Monday, April 8, 2013

The Myth of Genius


Lately I have found myself thinking a lot about lessons that I want to pass on to my kids. Often they are the sort that could begin with, "I really wish I knew this when I was younger..." One that's been on my mind recently is the problem of genius. 

One online dictionary defines genius as "exceptional intellectual or creative power or other natural ability." For as long as I can remember, I have been plagued by the concept of genius and its relation to success. I do not know where the idea originated, but I held a subconscious belief that success in one's chosen field was surely and necessarily the result of some innate, from birth, type of genius. 

Ideas have consequences. I spent the better part of college agonizing over whether or not I had genius, because in my mind, I could only be mediocre without it.
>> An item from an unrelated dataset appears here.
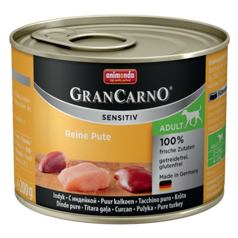 Animonda GranCarno Sensitiv / Анимонда Гран Карно Сенситив с индейкой для чувствительных собак 200 г (консервы)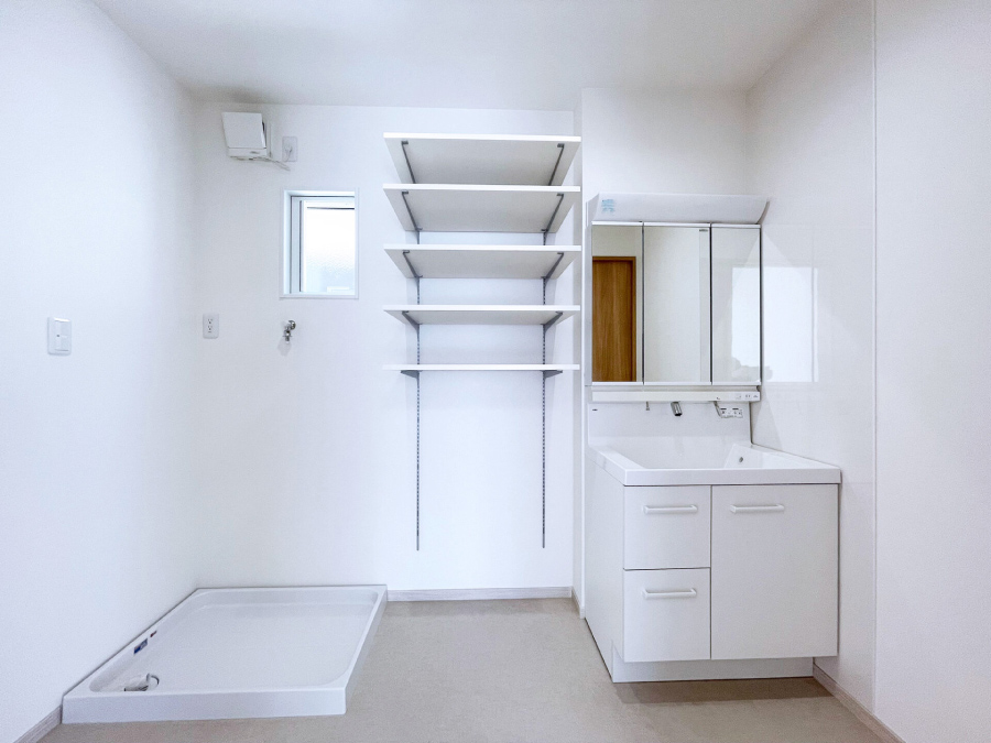 清潔感があり、小窓付きで湿気対策もバッチリの洗面脱衣所。収納も充実しています。

I entered into every project and assignment with fear, trepidation, and expectation. Would I once and for all prove myself, or be woefully inadequate? After four years of academic successes, my anxieties remained and the mere thought of more education emotionally exhausted me.

My husband and I wanted to start a family, and as the kids came (three, nineteen months apart) I wasn't so invested in thought about it. I had stepped off the treadmill, and uneasily glanced back only occasionally. Maybe my shift in thought came as a result of this distance. Maybe it was the new perspective that living in the "real world"  (though I hate that expression...) afforded me, seeing real people achieving real successes in their chosen work, and also exposure to some great resources, but I came to recognize the myth of genius. 

The life truth that I want my children to know from a young age is this: Genius isn't the key to success, or even a necessary component; it can actually be a distraction or a pitfall if overly emphasized or relied upon.  True and lasting success is ultimately the result of integrity of character, hard work, and productive methods of problem solving. 

I think that an earlier grasp of this reality would have allowed greater joy into the ventures of my younger self and dispelled the discouragement that so often haunted my steps. Such thinking also changes the mental paradigm from, "Am I good enough?" to "If anything is possible, is this good enough (i.e. a worthwhile goal)?"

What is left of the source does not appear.